> Input:
········

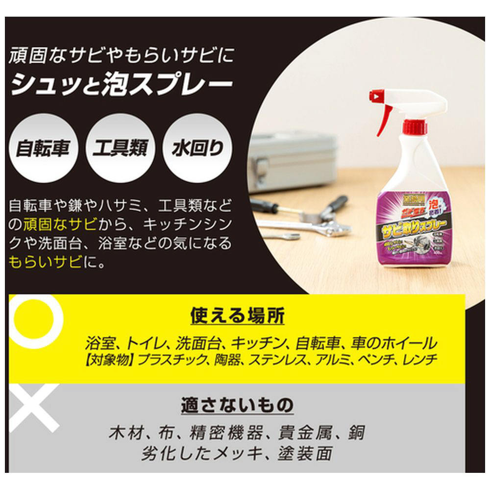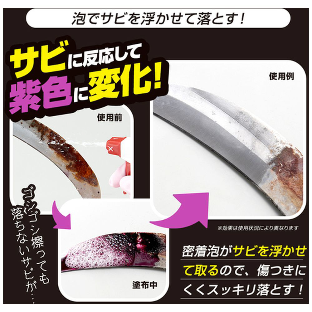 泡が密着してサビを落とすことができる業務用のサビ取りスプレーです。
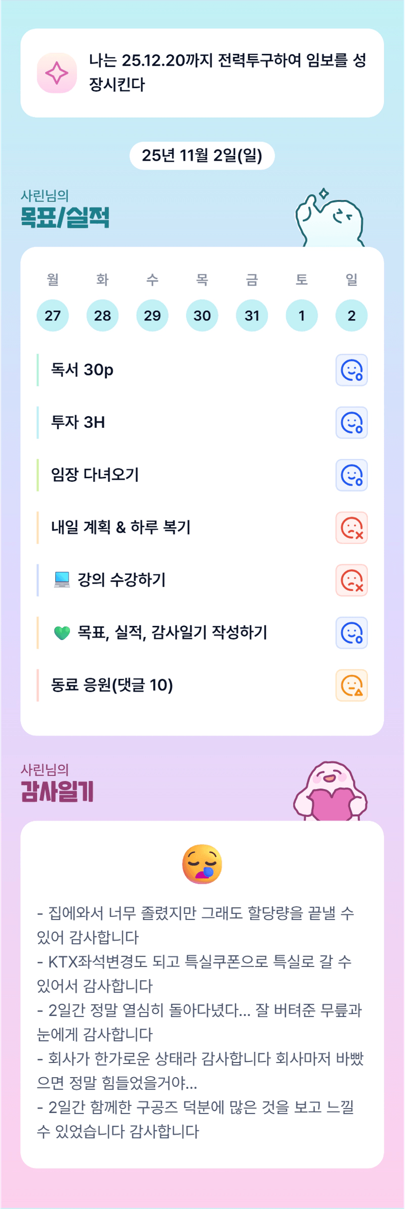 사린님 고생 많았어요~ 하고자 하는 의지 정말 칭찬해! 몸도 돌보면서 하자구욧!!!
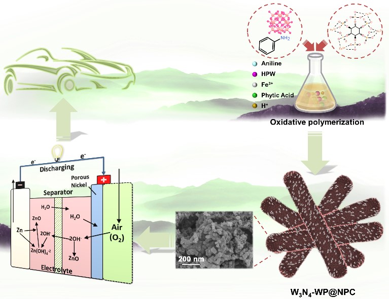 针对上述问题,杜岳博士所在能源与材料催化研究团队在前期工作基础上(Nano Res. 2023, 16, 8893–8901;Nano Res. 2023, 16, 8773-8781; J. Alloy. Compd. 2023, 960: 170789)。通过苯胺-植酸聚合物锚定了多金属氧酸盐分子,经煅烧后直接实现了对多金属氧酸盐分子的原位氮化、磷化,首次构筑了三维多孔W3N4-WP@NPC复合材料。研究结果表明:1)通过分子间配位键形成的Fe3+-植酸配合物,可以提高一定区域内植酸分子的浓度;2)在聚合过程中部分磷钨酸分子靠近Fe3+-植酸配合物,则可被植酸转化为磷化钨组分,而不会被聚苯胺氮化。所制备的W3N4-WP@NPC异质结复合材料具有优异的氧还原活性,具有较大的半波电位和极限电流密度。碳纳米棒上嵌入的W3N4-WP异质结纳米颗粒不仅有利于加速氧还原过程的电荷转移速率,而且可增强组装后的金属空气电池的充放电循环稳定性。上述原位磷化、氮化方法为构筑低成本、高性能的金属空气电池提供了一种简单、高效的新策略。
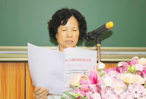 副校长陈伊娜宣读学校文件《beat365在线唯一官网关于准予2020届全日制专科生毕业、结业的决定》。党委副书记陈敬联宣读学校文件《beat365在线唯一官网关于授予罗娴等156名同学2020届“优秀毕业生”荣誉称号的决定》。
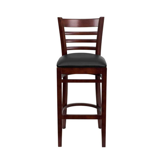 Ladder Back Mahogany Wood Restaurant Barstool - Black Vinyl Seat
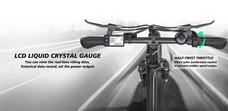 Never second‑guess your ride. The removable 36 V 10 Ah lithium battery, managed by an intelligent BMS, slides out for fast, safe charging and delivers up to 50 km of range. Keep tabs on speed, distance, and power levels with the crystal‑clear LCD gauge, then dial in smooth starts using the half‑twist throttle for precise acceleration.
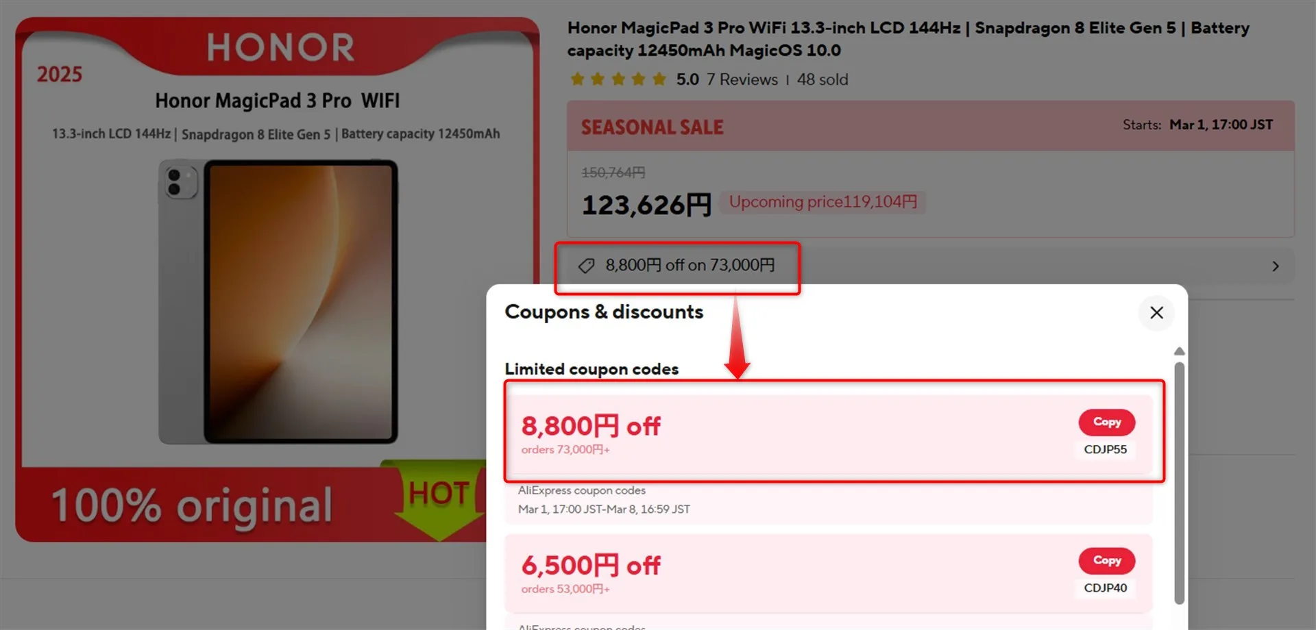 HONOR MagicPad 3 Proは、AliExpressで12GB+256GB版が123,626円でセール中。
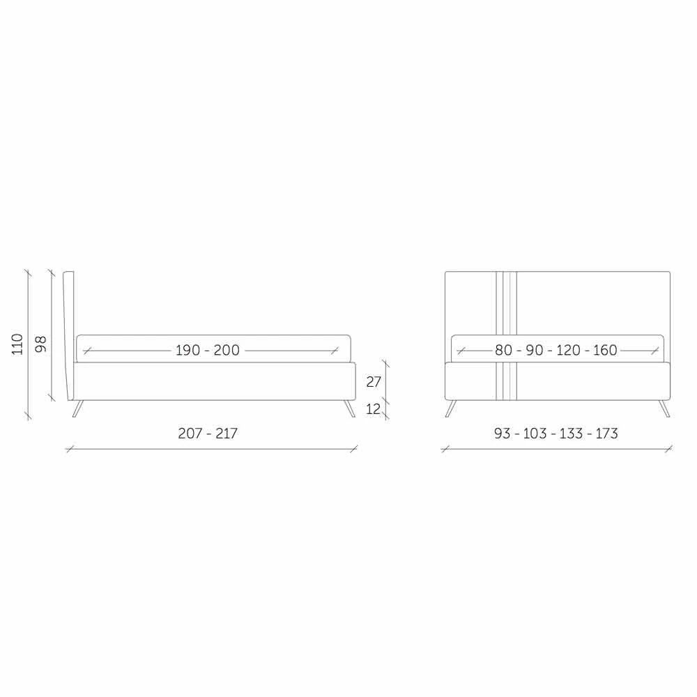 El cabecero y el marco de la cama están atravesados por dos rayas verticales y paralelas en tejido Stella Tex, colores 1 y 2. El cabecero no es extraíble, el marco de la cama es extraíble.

········

What the answer needs is every line from the one with "사린님 고생 많았어요~" through the last line of the data, reproduced word for word and with pictures omitted.

 사린님 고생 많았어요~ 하고자 하는 의지 정말 칭찬해! 몸도 돌보면서 하자구욧!!!
 针对上述问题,杜岳博士所在能源与材料催化研究团队在前期工作基础上(Nano Res. 2023, 16, 8893–8901;Nano Res. 2023, 16, 8773-8781; J. Alloy. Compd. 2023, 960: 170789)。通过苯胺-植酸聚合物锚定了多金属氧酸盐分子,经煅烧后直接实现了对多金属氧酸盐分子的原位氮化、磷化,首次构筑了三维多孔W3N4-WP@NPC复合材料。研究结果表明:1)通过分子间配位键形成的Fe3+-植酸配合物,可以提高一定区域内植酸分子的浓度;2)在聚合过程中部分磷钨酸分子靠近Fe3+-植酸配合物,则可被植酸转化为磷化钨组分,而不会被聚苯胺氮化。所制备的W3N4-WP@NPC异质结复合材料具有优异的氧还原活性,具有较大的半波电位和极限电流密度。碳纳米棒上嵌入的W3N4-WP异质结纳米颗粒不仅有利于加速氧还原过程的电荷转移速率,而且可增强组装后的金属空气电池的充放电循环稳定性。上述原位磷化、氮化方法为构筑低成本、高性能的金属空气电池提供了一种简单、高效的新策略。
 副校长陈伊娜宣读学校文件《beat365在线唯一官网关于准予2020届全日制专科生毕业、结业的决定》。党委副书记陈敬联宣读学校文件《beat365在线唯一官网关于授予罗娴等156名同学2020届“优秀毕业生”荣誉称号的决定》。
 Ladder Back Mahogany Wood Restaurant Barstool - Black Vinyl Seat
 Never second‑guess your ride. The removable 36 V 10 Ah lithium battery, managed by an intelligent BMS, slides out for fast, safe charging and delivers up to 50 km of range. Keep tabs on speed, distance, and power levels with the crystal‑clear LCD gauge, then dial in smooth starts using the half‑twist throttle for precise acceleration.
 HONOR MagicPad 3 Proは、AliExpressで12GB+256GB版が123,626円でセール中。
 El cabecero y el marco de la cama están atravesados por dos rayas verticales y paralelas en tejido Stella Tex, colores 1 y 2. El cabecero no es extraíble, el marco de la cama es extraíble.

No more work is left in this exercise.